Assignment -> Only the lines from the beginning of the entries through the one with "判决书显示,原告爱奇艺公司诉" should be written out, please, exactly and without any pictures.

Information given ->
----------

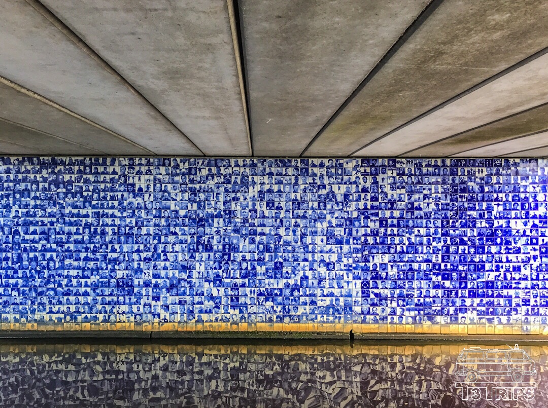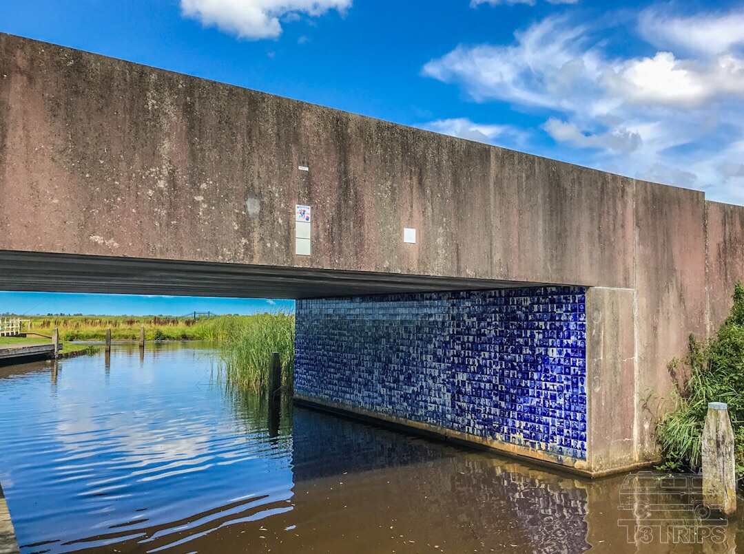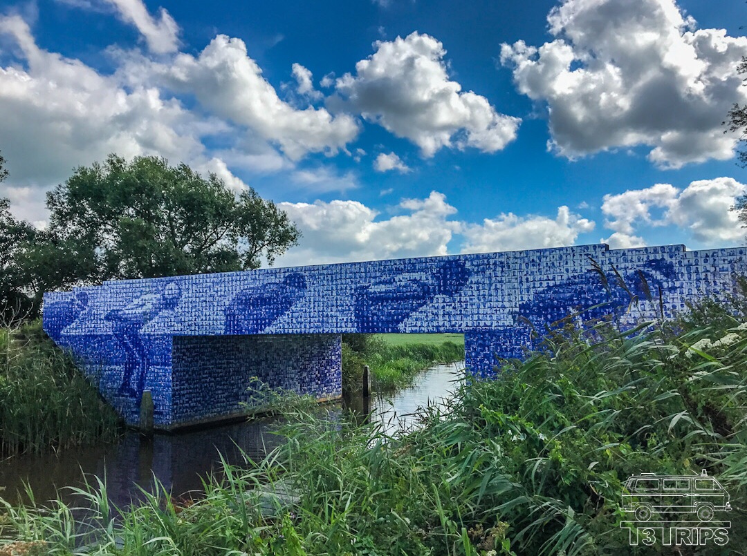 Kunstenaars Maree Blok en Bas Lugthart hebben op de brug het Elfstedenmonument ‘It sil heve’ aangebracht, een mozaïek van duizenden blauw geglazuurde tegeltjes met foto’s van (bekende en onbekende) deelnemers aan de tocht. Ik maakte er een korte tussenstop, bekeek de brug en het tegelmozaïek van alle kanten – via een steiger kan je onder de brug door lopen en daar de tegeltjes van nabij bekijken – en zocht even naar bekenden, maar dat was – gezien het grote aantal tegeltjes – onbegonnen werk.
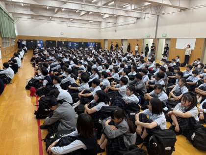 帰校式が行われました。万博のテーマ「いのち輝く未来社会のデザイン」を感じることはできたでしょうか。また、堀中生として規律ある行動をできたでしょうか。
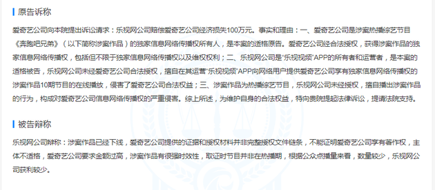 判决书显示,原告爱奇艺公司诉称,被告乐视网公司未经原告合法授权,擅自在其运营“乐视视频”APP向网络用户提供《奔跑吧兄弟》《明星到我家》等节目的在线播放,侵害了爱奇艺公司合法权益。
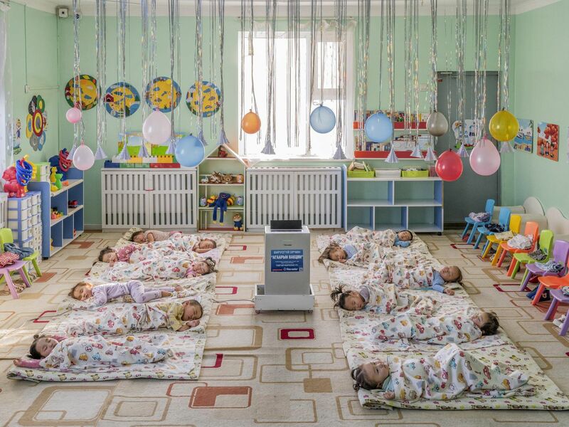 Der zweite Preis geht an Natalya Saprunova, geboren in Russland und wohnhaft in Frankreich, für ein Bild ihrer Reportage aus der Mongolei, in der Kinder unter extremer Luftverschmutzung leiden. Zu sehen sind Kleinkinder, die in einem Kindergarten rund um einen Luftfilter schlafen, der die Schadstoffkonzentration etwas mindern soll.
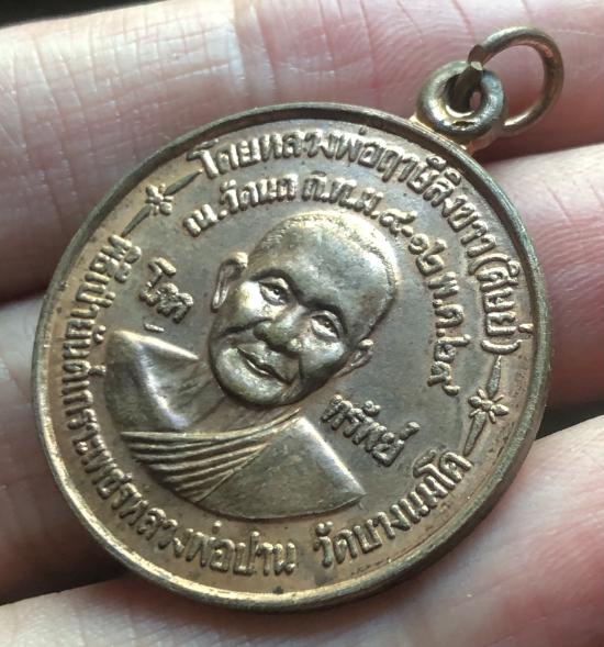 เหรียญโภคทรัพย์ หลวงพ่อปาน วัดบางนมโค หลังยันต์เกาะเพชร หลวงพ่อฤาษีลิงขาว ปลุกเศก วัดนก กทม.ปี 2529 |
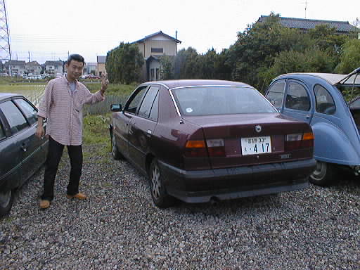 そんなこんなしていたらMin^2とKImKimがやって来ました、ランチアのテドラをyahooのオークションでゲットしたそうです、後ろから見ると日産のプリメーラみたいです(笑)
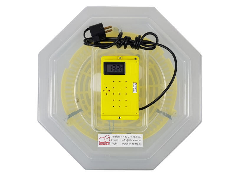 Teplotu je možné nastavit a případně i dále regulovat v rozsahu od 35 do 40 °Cza pomoci manuálního regulátoru uelektronické řídící jednotky. Panel je vybaven digitálním displejem s ukazatelem teploty a na levém boku otočným regulátorem pro potřebné nastavení teploty v líhni.
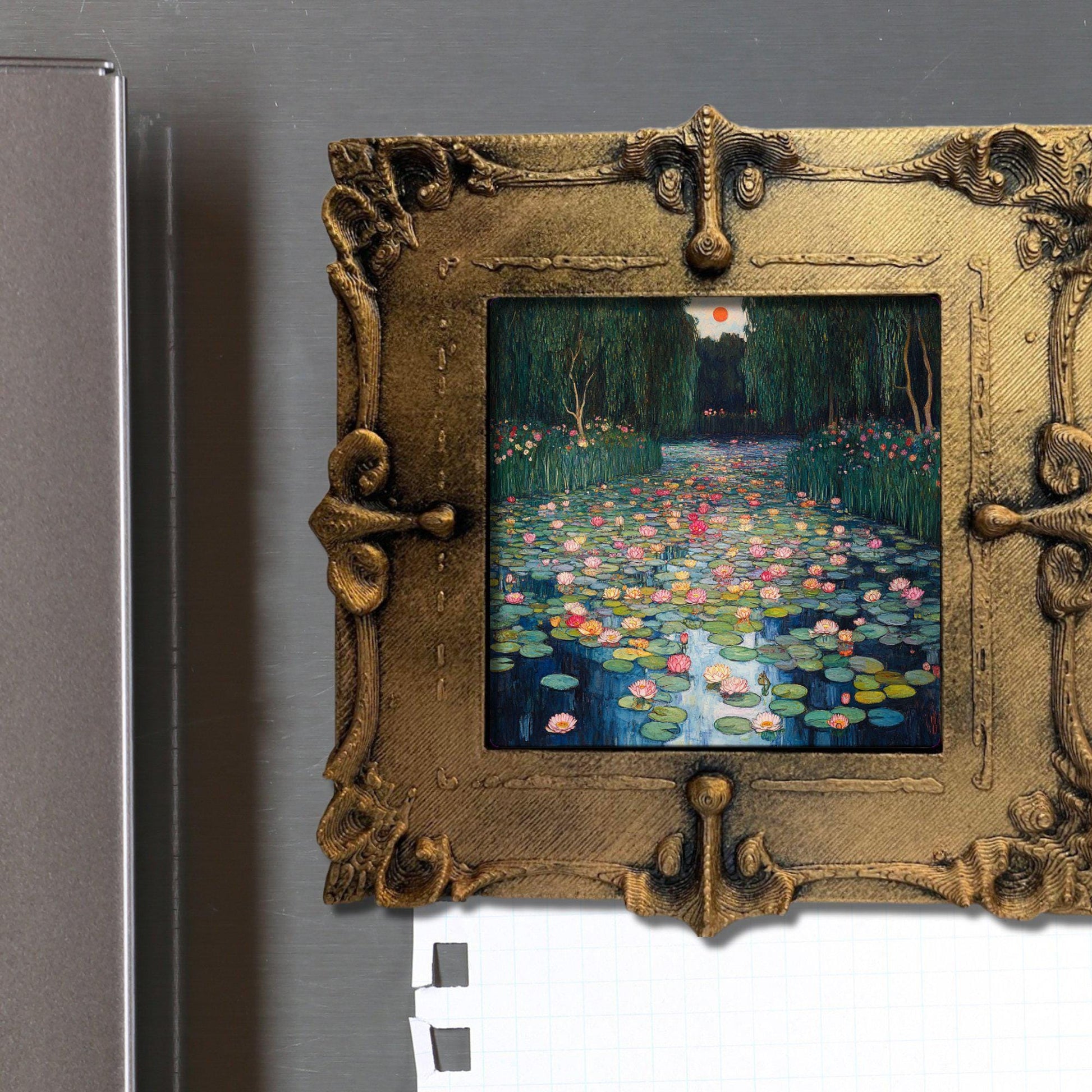 Pond with Lilies Gold Framed Refrigerator Magnet, Mini Art, Grand Millennial Style, Artful Kitchen Decor, Gift for Her fridgescaping
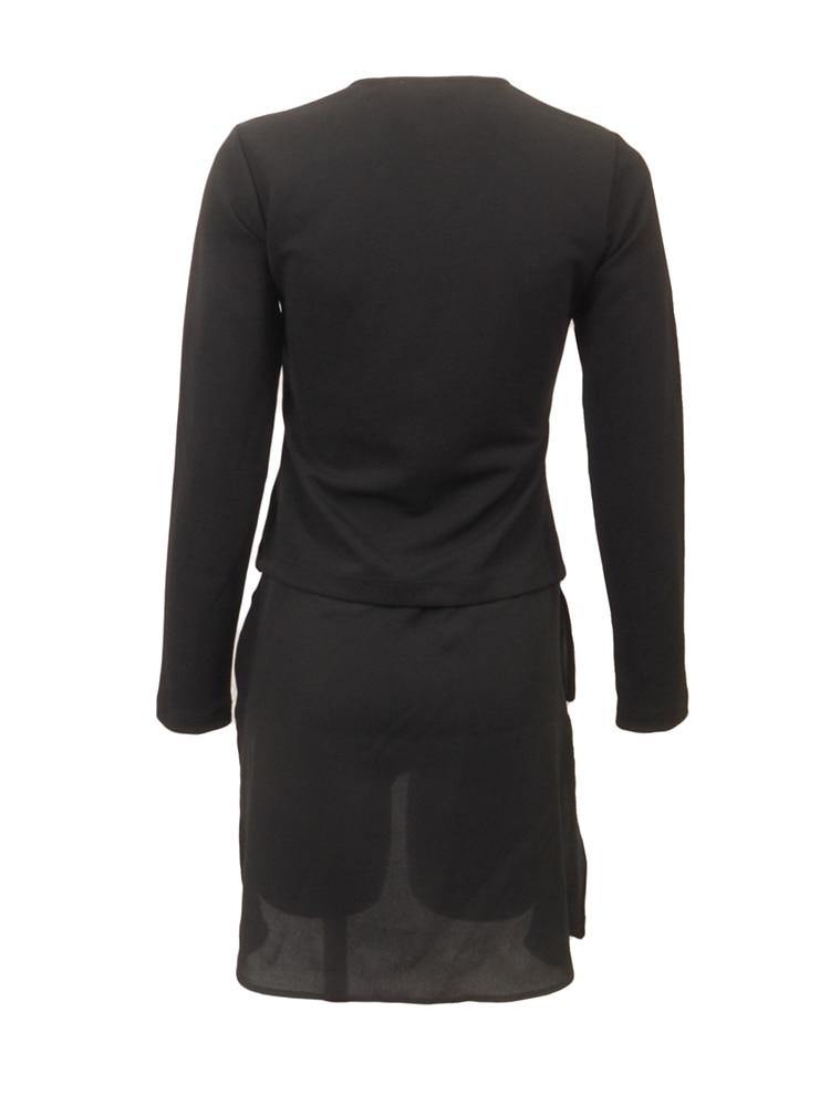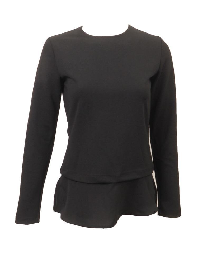 Black long sleeve knit stretch with dramatic hi-lo with split sides. Crew-neckline, fitted top.
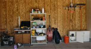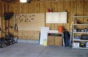 After some more cleaning, sweeping, and organizing we were ready to call it a day and drive the cars back into the garage. Hanging the cabinets on the wall and moving the shelves around gave us some much needed space. Not wanting to let good space go to waste, we spent the next several days filling the space up with all kinds of junk until we were back in the same place we started: a messy garage without enough room to move around in. Hmm, maybe for our next project we'll try putting some plywood on the rafters and making an "attic".
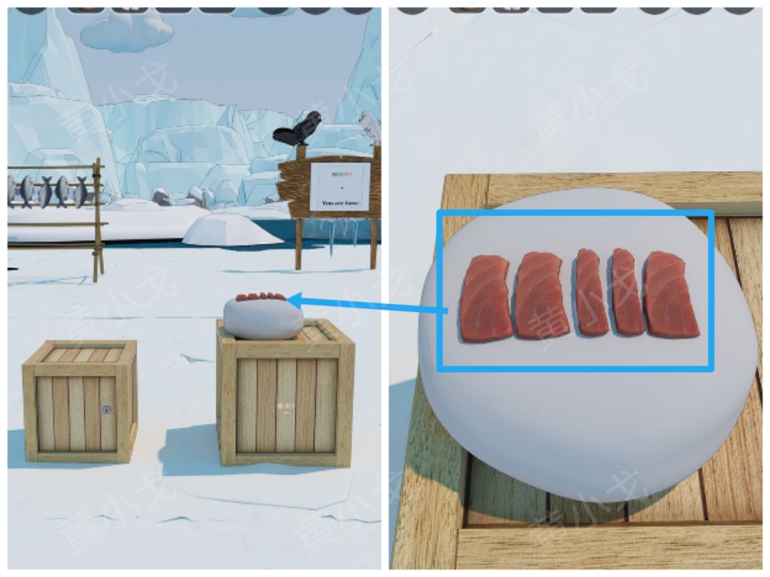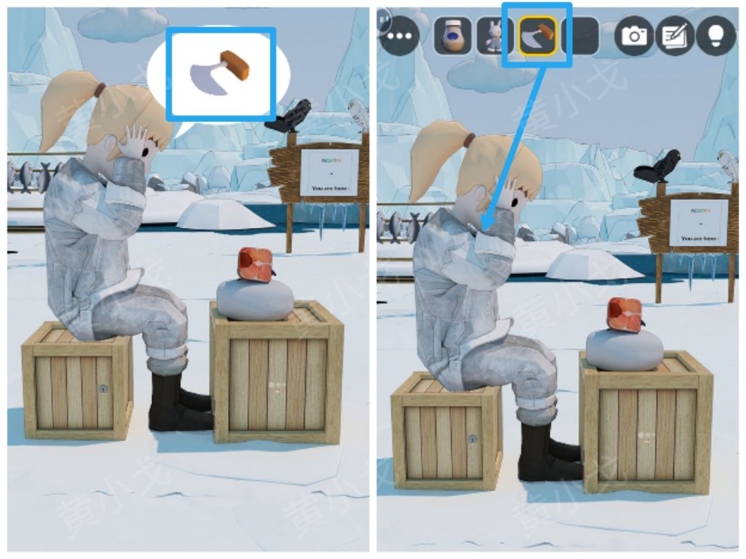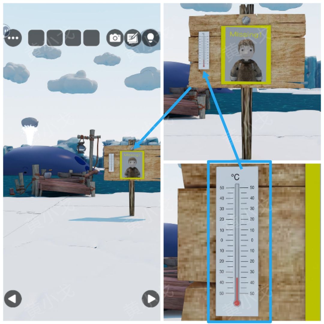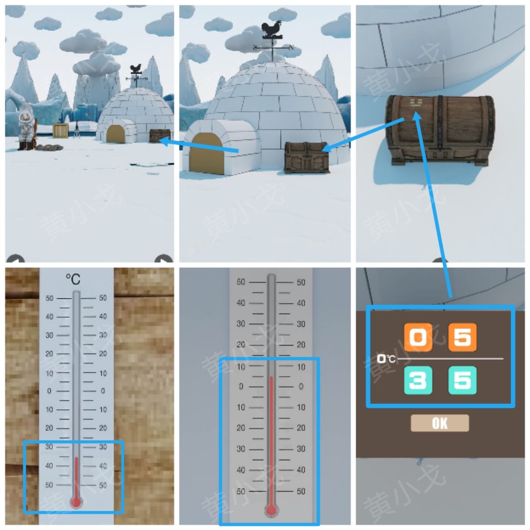 11.点击雪屋外面的箱子上的密码锁,根据上面的提示,结合[鲸鱼]场景告示牌上的温度计线索和[男人-雪屋]场景冰箱里的温度计线索,调整密码锁
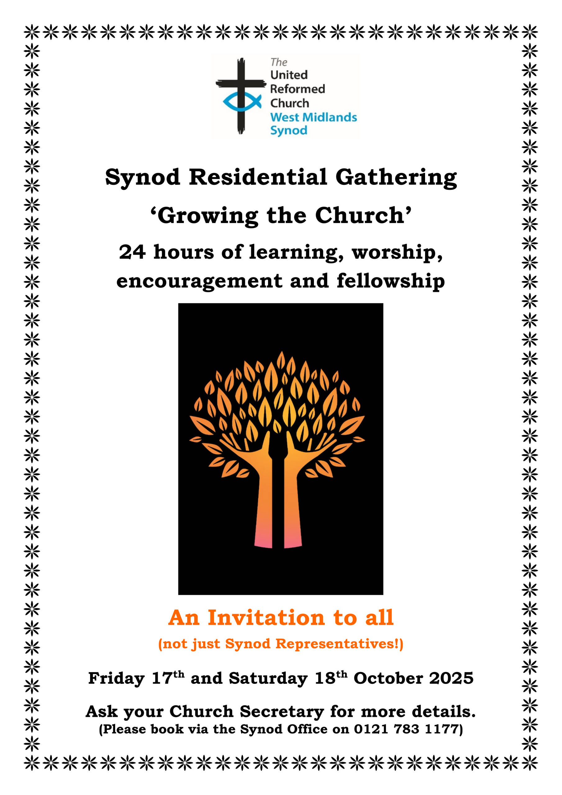 In October 2025, we hold a residential gathering which is open to anyone in the West Midlands with an interest in or commitment to the United Reformed Church. There will be an additional business meeting for Synod Representatives on Thursday 23 October via Zoom.
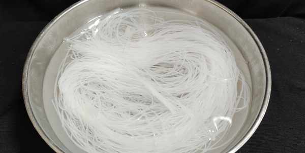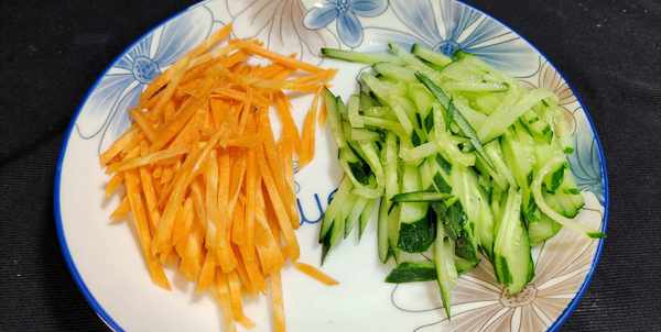 第二步:准备黄瓜半根切丝,胡萝卜一小块也切丝备用。龙口粉丝用开水泡软备用。
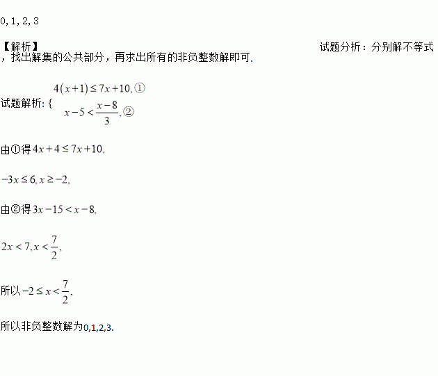 解不等式组并写出它的所有非负整数解.
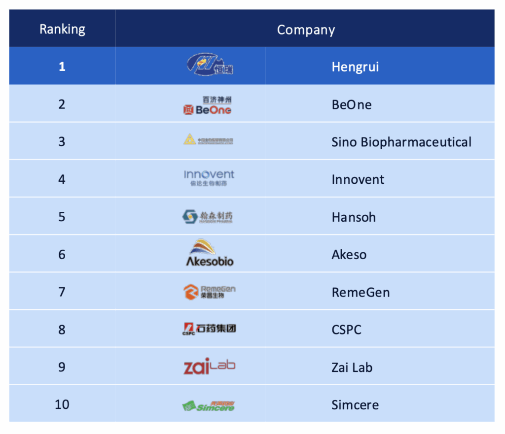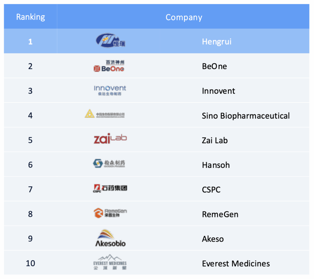 The results of China PIII, launched in Shanghai today, show Hengrui take the top spot in both Innovation and Invention and BeOne in second place for both indices – the top 10 are listed below:

----------

Solution to the problem ->
 Kunstenaars Maree Blok en Bas Lugthart hebben op de brug het Elfstedenmonument ‘It sil heve’ aangebracht, een mozaïek van duizenden blauw geglazuurde tegeltjes met foto’s van (bekende en onbekende) deelnemers aan de tocht. Ik maakte er een korte tussenstop, bekeek de brug en het tegelmozaïek van alle kanten – via een steiger kan je onder de brug door lopen en daar de tegeltjes van nabij bekijken – en zocht even naar bekenden, maar dat was – gezien het grote aantal tegeltjes – onbegonnen werk.
 帰校式が行われました。万博のテーマ「いのち輝く未来社会のデザイン」を感じることはできたでしょうか。また、堀中生として規律ある行動をできたでしょうか。
 判决书显示,原告爱奇艺公司诉称,被告乐视网公司未经原告合法授权,擅自在其运营“乐视视频”APP向网络用户提供《奔跑吧兄弟》《明星到我家》等节目的在线播放,侵害了爱奇艺公司合法权益。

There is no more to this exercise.